En la vasta historia de la animación, pocos personajes han logrado capturar la imaginación y el corazón de generaciones como lo han
hecho un gato azul grisáceo y un pequeño ratón marrón.
Desde su primer encuentro en la pantalla grande en 1940, Tom y Jerry se han convertido en sinónimo de humor visual, persecuciones
desenfrenadas y una rivalidad eterna que, a pesar de su simplicidad, ha dejado una huella imborrable en la
cultura popular.
El año era 1940, y en los estudios de Metro-Goldwyn-Mayer (MGM), dos jóvenes animadores, William Hanna y Joseph Barbera, estaban a
punto de dar vida a uno de los dúos más icónicos de la historia de la animación: Tom y Jerry.
Pero antes de que estos nombres se convirtieran en sinónimo de la eterna batalla entre un gato y un ratón, los personajes originales tenían nombres muy distintos.
En su primer corto, titulado “Puss Gets the Boot”, el gato se llamaba Jasper y el ratón, Jinx.
Puss Gets the Boot fue lanzado el 10 de febrero de 1940, y aunque inicialmente el equipo de MGM no mostró mucho interés en continuar con la serie, el corto fue un éxito rotundo.
El público quedó cautivado por la ingeniosa persecución entre el gato y el ratón, y esto se reflejó en una nominación al Oscar para el mejor corto de animación.
A pesar de este logro, los nombres de Jasper y Jinx no resonaron lo suficiente como para dejar una marca duradera en la cultura popular.
Fue entonces cuando MGM decidió organizar un concurso interno para renombrar a los personajes, y el animador John Carr sugirió los nombres de Tom y Jerry, inspirados en un popular ponche navideño.
Carr ganó el concurso y fue premiado con 50 dólares, un pequeño monto considerando la magnitud que alcanzaría la serie.
Con los nuevos nombres y una fórmula ganadora en sus manos, Hanna y Barbera se embarcaron en la producción de más cortos de Tom y Jerry.
Durante los siguientes 17 años, entre 1940 y 1957, se produjeron un total de 114 cortometrajes, 13 de los cuales fueron nominados al
Oscar, y 7 de ellos ganaron, incluyendo títulos emblemáticos como“Yankee Doodle Mouse”(1943),“The Cat Concerto” (1947) y “Johann Mouse” (1953).
Estos logros consolidaron a Tom y Jerry como los reyes de la animación de la época y les otorgaron un lugar especial en la historia del cine animado.
El estilo de Tom y Jerry, marcado por un humor visual y acción casi continua, fue un gran éxito entre las audiencias.
La serie se distinguió por la ausencia casi total de diálogos, con los personajes comunicándose principalmente a través de expresiones faciales y movimientos corporales exagerados, acompañados por la música dinámica del compositor Scott Bradley.
Este enfoque, centrado en la comedia física, permitió que los cortos fueran comprendidos
y disfrutados por públicos de todo el mundo, independientemente del idioma.
A lo largo de su historia, Tom y Jerry han sido objeto de controversias.
Algunas de las primeras caricaturas presentaban estereotipos raciales y personajes como Mammy Two Shoes, una representación de una mujer afroamericana, que en las décadas posteriores fue considerada ofensiva y fue eliminada o modificada en las retransmisiones televisivas.
A pesar de estos elementos problemáticos, la serie ha logrado adaptarse y evolucionar, manteniendo su popularidad en un mundo cambiante.
El impacto de Tom y Jerry en la cultura popular es innegable.

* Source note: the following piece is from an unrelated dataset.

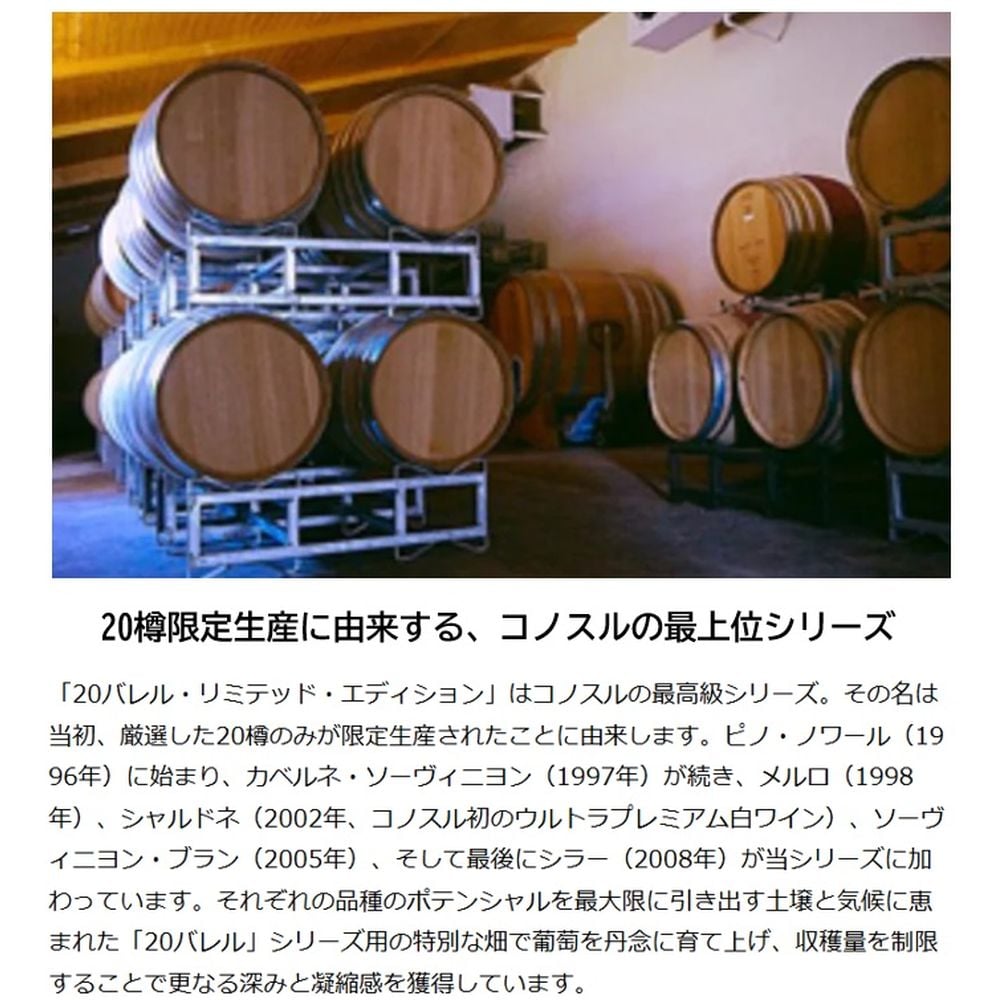 ●セット内容/コノスル 20バレル リミテッド・エディション 6品種(カベルネ・ソーヴィニヨン(750ml)、ピノ・ノワール(750ml)、シラー(750ml)、カルメネール(750ml)、シャルドネ(750ml)、ソーヴィニヨンブラン(750ml)):計6本

Desde sus humildes comienzos en 1940
hasta convertirse en un fenómeno global, estos personajes han dejado una marca indeleble en la historia de la animación.
Su capacidad para reinventarse y adaptarse a diferentes épocas y formatos, desde el cine hasta la televisión y el streaming, demuestra la universalidad y el atractivo duradero de la rivalidad entre un gato torpe y un ratón astuto.